IF 4.7 2区 教育学 Q1 EDUCATION, SCIENTIFIC DISCIPLINES Pub Date : 2023-12-01 Epub Date: 2023-03-23 DOI: 10.1080/0142159X.2023.2190482
Maryam Alizadeh, Dean Parmelee, David Taylor, Saiideh Norouzi, Ali Norouzi

This AMEE guide seeks to improve the metamotivational knowledge of health professions educators as well as students. We present key models and frameworks of Metamotivation, identify several motivation regulation strategies and their measurement tools, and propose applications for health professions education (HPE). Since our work is grounded on evidence from the field, we include new findings about motivation regulation to encourage further exploration.
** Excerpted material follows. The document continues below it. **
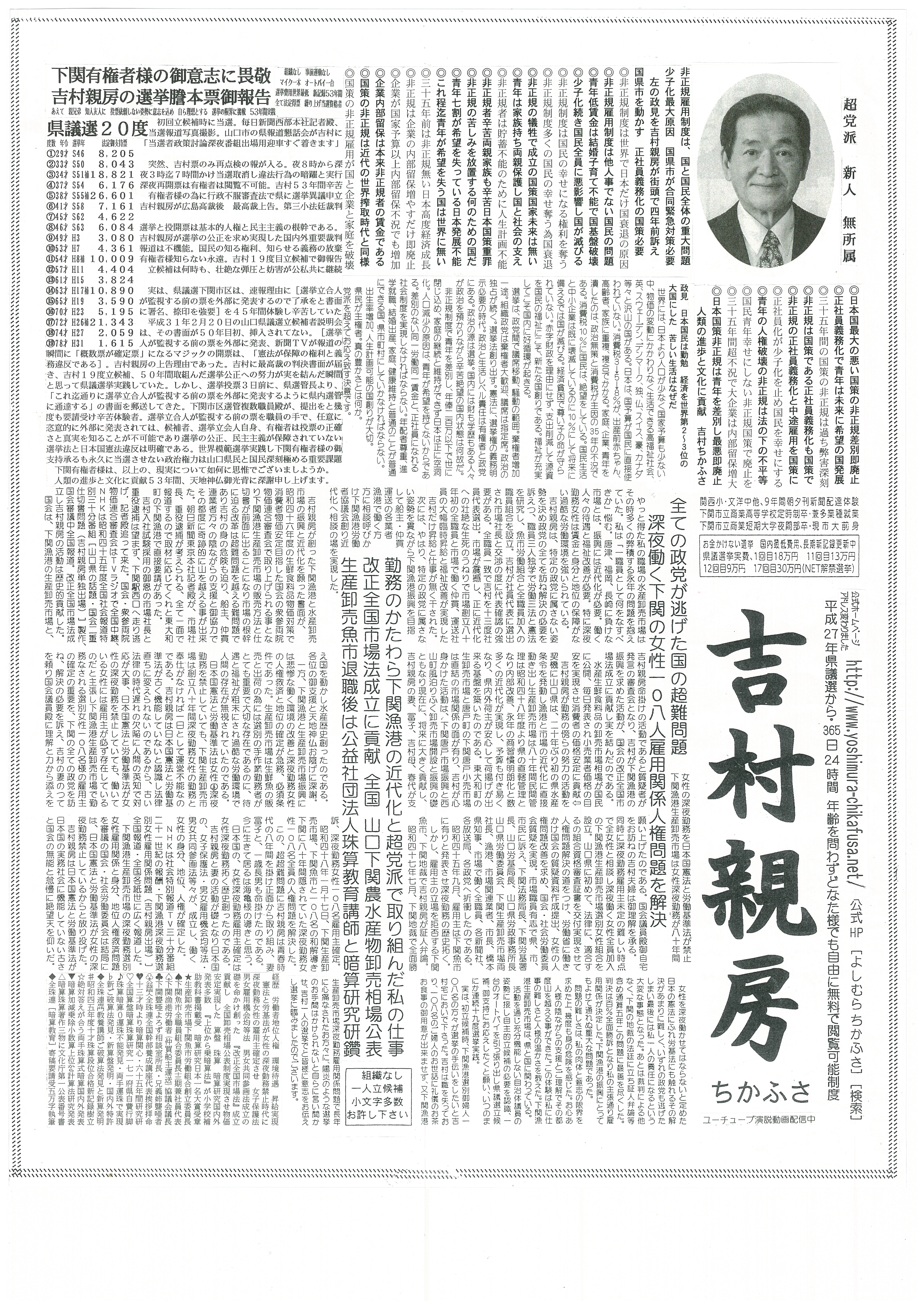 長きにわたり吉村親房の理想選挙実践を御支持くださる下関市御有権者の皆様の尊い投票行為は、

Although much of the research on Metamotivation has been done outside the field of medical education, we share our six years of research experience and findings within the field to inspire others to replicate and expand.

本 AMEE 指南旨在提高卫生专业教育工作者和学生的元激励知识。我们介绍了元动机的主要模型和框架,确定了几种动机调节策略及其测量工具,并提出了在卫生专业教育(HPE)中的应用。由于我们的工作是以该领域的证据为基础的,因此我们纳入了有关动机调节的新发现,以鼓励进一步的探索。尽管有关元动力的研究大多是在医学教育领域之外进行的,但我们还是与大家分享了我们六年来的研究经验和在该领域的研究成果,以激励其他人进行复制和扩展。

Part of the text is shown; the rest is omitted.